Sanitarisation du handicap
Il peut sembler paradoxal d’évoquer une sanitarisation du
handicap à l’heure ou les personnes en situation de handicap sont davantage
reconnues dans leurs droits, tant dans la philosophie de la loi de 2005 sur
« l’égalité des droits et des chances, la participation et la
citoyenneté des personnes handicapées » que dans la Convention
relative aux droits des personnes handicapées, ratifiée par la France en 2010.
Ces évolutions sont accompagnées d’un discours prétendant faire évoluer les
conceptions d’une approche de soins ver une approche de droits. Pour autant,
traces du passé et injonctions du présent, les personnes en situation de
handicap font toujours l’objet d’un enjeu prioritaire de soins.
Tout d’abord en ce que la notion de santé a évolué : depuis la fin de seconde guerre mondiale, la santé est un état de complet bien-être physique, mental et social, qui ne consiste pas seulement en l'absence de maladies ou d'infirmité. A ce titre, la préoccupation de santé recouvre d’immenses domaines du fonctionnement humain, y compris dans ses aspects sociaux. Lorsqu’il n’y a pas de problème majeur de fonctionnement, les conséquences de cette approche ne sont pas visibles, mais dès lors qu’il y a handicap, tous les aspects de la vie ont tendance à être soumis à des critères de santé.

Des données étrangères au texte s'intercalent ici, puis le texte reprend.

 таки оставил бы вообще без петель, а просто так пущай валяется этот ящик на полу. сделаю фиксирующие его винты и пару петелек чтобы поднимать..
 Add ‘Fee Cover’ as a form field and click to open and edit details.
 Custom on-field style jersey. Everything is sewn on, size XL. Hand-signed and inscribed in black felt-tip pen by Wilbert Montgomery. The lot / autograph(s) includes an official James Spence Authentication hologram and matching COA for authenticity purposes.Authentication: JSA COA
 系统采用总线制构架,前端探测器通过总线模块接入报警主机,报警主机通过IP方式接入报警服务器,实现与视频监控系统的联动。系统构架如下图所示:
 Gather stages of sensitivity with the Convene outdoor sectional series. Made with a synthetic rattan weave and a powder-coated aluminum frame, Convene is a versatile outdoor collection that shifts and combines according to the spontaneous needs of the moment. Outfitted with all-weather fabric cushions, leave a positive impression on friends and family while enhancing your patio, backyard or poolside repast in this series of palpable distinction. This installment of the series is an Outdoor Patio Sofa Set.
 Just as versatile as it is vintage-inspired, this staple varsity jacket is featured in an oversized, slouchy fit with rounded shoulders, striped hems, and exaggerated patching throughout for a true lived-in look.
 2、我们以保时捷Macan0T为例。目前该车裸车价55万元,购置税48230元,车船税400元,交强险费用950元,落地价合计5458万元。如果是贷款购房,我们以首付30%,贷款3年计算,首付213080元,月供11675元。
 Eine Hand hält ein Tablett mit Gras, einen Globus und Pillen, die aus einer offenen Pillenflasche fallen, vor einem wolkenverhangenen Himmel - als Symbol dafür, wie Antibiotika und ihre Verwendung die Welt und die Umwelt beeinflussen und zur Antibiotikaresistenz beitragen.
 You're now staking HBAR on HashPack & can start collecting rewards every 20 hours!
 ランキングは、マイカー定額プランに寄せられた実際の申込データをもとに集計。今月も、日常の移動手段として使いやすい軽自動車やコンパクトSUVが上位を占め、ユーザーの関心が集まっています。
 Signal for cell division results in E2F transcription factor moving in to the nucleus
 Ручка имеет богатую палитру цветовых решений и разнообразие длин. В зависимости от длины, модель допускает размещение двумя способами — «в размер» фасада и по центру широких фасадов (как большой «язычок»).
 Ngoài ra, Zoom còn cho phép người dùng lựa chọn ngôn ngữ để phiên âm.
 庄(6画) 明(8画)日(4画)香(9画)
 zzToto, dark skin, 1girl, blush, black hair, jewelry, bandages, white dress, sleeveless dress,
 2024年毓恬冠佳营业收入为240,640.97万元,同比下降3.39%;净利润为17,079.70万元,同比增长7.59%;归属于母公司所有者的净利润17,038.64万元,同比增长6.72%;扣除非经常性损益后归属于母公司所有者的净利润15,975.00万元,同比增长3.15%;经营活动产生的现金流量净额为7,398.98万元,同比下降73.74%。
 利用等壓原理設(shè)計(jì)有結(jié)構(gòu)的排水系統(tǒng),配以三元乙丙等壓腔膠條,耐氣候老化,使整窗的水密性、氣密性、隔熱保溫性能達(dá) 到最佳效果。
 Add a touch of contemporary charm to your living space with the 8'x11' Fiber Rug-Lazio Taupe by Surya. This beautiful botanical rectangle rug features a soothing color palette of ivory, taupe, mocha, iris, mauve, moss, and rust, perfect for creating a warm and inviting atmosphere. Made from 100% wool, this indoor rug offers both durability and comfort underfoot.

Les vieilles habitudes dans les pratiques de prise en charge
des personnes handicapées n’ont bien évidemment pas disparu. Le thérapeutique,
présent dans le triangle institutionnel pédagogique/éducatif/thérapeutique a
pris de l’ampleur à l’appui des innovations thérapeutiques et cliniques et de
la croissance exponentielle des professionnels paramédicaux. Au point même
parfois que ce volet soit parfois mis comme pilote des volets éducatifs et pédagogiques
(en termes de méthodes comme de priorités d’intervention). A l’image de ce qui
se passe dans les EHPAD, où les grilles médicales sont d’une importance extrême
dans les modèles tarifaires (prestations de soins ou celles relevant de la
perte d’autonomie), dans une moindre mesure, les critères qui arrivent des les
services de personnes handicapés sont très référés aux soins, et les
prestations validées au regard des besoins de santé au sens large (et quasi
comprenant l’autonomie et la participation sociale). La préoccupation de soin
reste encore première par rapport à celle de droits.
Depuis 2009, le secteur médico-social, maitre d’œuvre de
l’accompagnement des personnes en situation de handicap, est rattaché, pour ne
pas dire soumis, aux Agences Régionales de Santé. Cela a remis le contexte
politique, organisationnel, et idéologique de l’accompagnement dans une
problématique politique, organisationnelle et idéologique de gestion de la
Santé. Les priorités descendant de l’administration de la santé sur le terrain
de l’accompagnement sont bien évidemment dans ce contexte des priorités de
santé, renforçant dans les pratiques une approche de santé.
Ces orientations et tendances sociétales se heurtent aux
objectifs de participation sociale, d’autonomie, qui sont pourtant la marque du
rapport des sociétés avec les personnes handicapées. Et ce n’est pas l’exercice
du droit des usagers, par analogie avec les droits du patient dans le rapport
de la société aux malades, qui va lever l’obstacle. Bien sûr, il s’agit de
droits fondamentaux que les lois médico-sociale et hospitalière ont posé. Mais
ils cantonnent dans le même temps les malades dans leur statut de malade, et
les personnes handicapées dans leur statut d’usager d’établissement ou de
service. Ce n’est pas en poussant plus loin la logique du rapport
patient/hôpital que l’on trouvera les solutions les plus pertinentes pour mette
en place une politique d’émancipation dans le rapport personnes
handicapées/société, en sortant d’une problématique prioritaire de soin. Ce
n’est pas en améliorant la chandelle qu’on a trouvé l’électricité !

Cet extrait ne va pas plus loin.